Kentucky Family Sues Hospital, Company Over Defective Medical DeviceA family from Louisville, Kentucky, has sued the medical device maker Medtronic and the region's Norton Hospital after one woman allegedly suffered from severely disabling complications of a bio-engineered bone-graft device, the Courier Journal reports.

According to the news source, the lawsuit, which was filed on Thursday, May 10, in Jefferson Circuit Court, claims Crystal Stevens was left permanently disabled do to extensive nerve damage allegedly caused by Medtronic's Infuse device, which was implanted in her during spinal surgery in 2006. Stevens' defective medical device lawyer added that Stevens must be reclined or flat on her back for the better part of the day, and is heavily dependent on her husband for day-to-day activities.
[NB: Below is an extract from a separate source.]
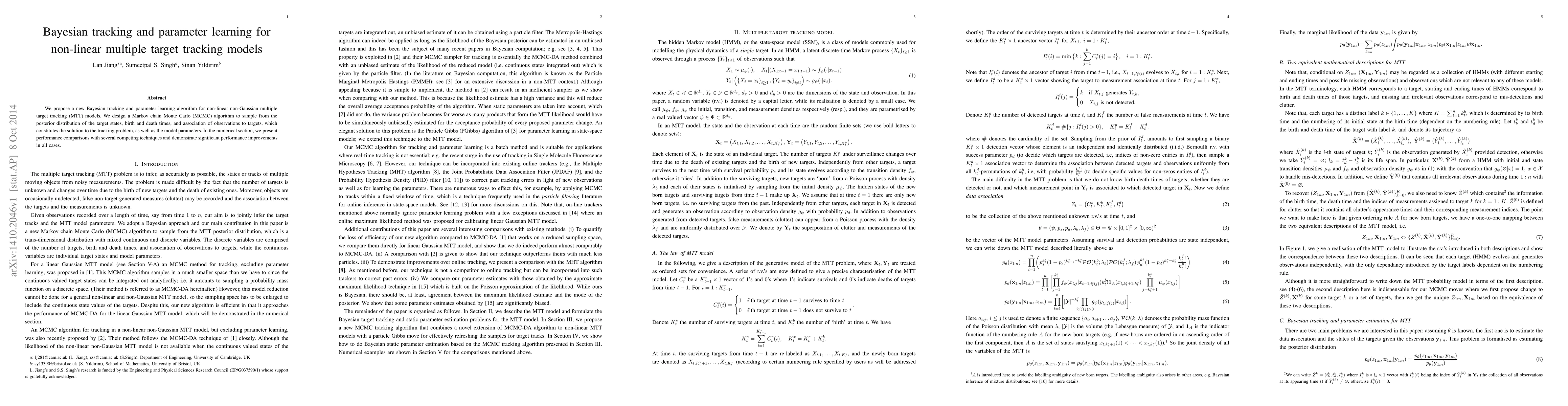 This paper introduces a novel Bayesian tracking and parameter learning algorithm for non-linear non-Gaussian multiple target tracking models, utilizing a Markov chain Monte Carlo (MCMC) approach to sample the posterior distribution. The method shows significant performance improvements over competing techniques in numerical comparisons.

The attorney added that this most recent case is one of dozens he and other lawyers are preparing for with similar complications that have been linked to Infuse.

The device, which is composed of "bone morphogenetic protein," is delivered into the spaces between vertebrae as a liquid held in place by a cage. As the liquid forms a solid, it grows to the bone, and in turn creates a bond between vertebrae. However, if the expansion during the solidification phase grows beyond the size of its cage, it can lead to Stevens' condition, according to the media outlet.

Stevens' lawyer stated that Infuse was introduced to her spine in an "unconsented, off-label surgery" by officials at Norton Hospital. The U.S. Food and Drug Administration approved the medical device for a very specific type of spinal surgery, which the lawsuit claims was not the operation Stevens underwent. While performing the surgery for off-label uses is not illegal, the lawsuit alleges in certain cases, use of Infuse can lead to uncontrolled bone growth near the highway of spinal nerves that run along vertebrae.

"When spinal nerves are compressed … a patient can experience … extreme and debilitating pain in the legs and back, which is precisely what happened to plaintiff Crystal Stevens," according to the lawsuit.

The complaint also contends that Medtronic made light of the serious risks that had been linked to Infuse, and "actively and illegally" promoted use of the device for off-label purposes.

Medtronic has had its products rejected by the FDA in the past, including one heart device that was designed to treat a common heart disorder, but was later linked to potentially raising the risk of strokes.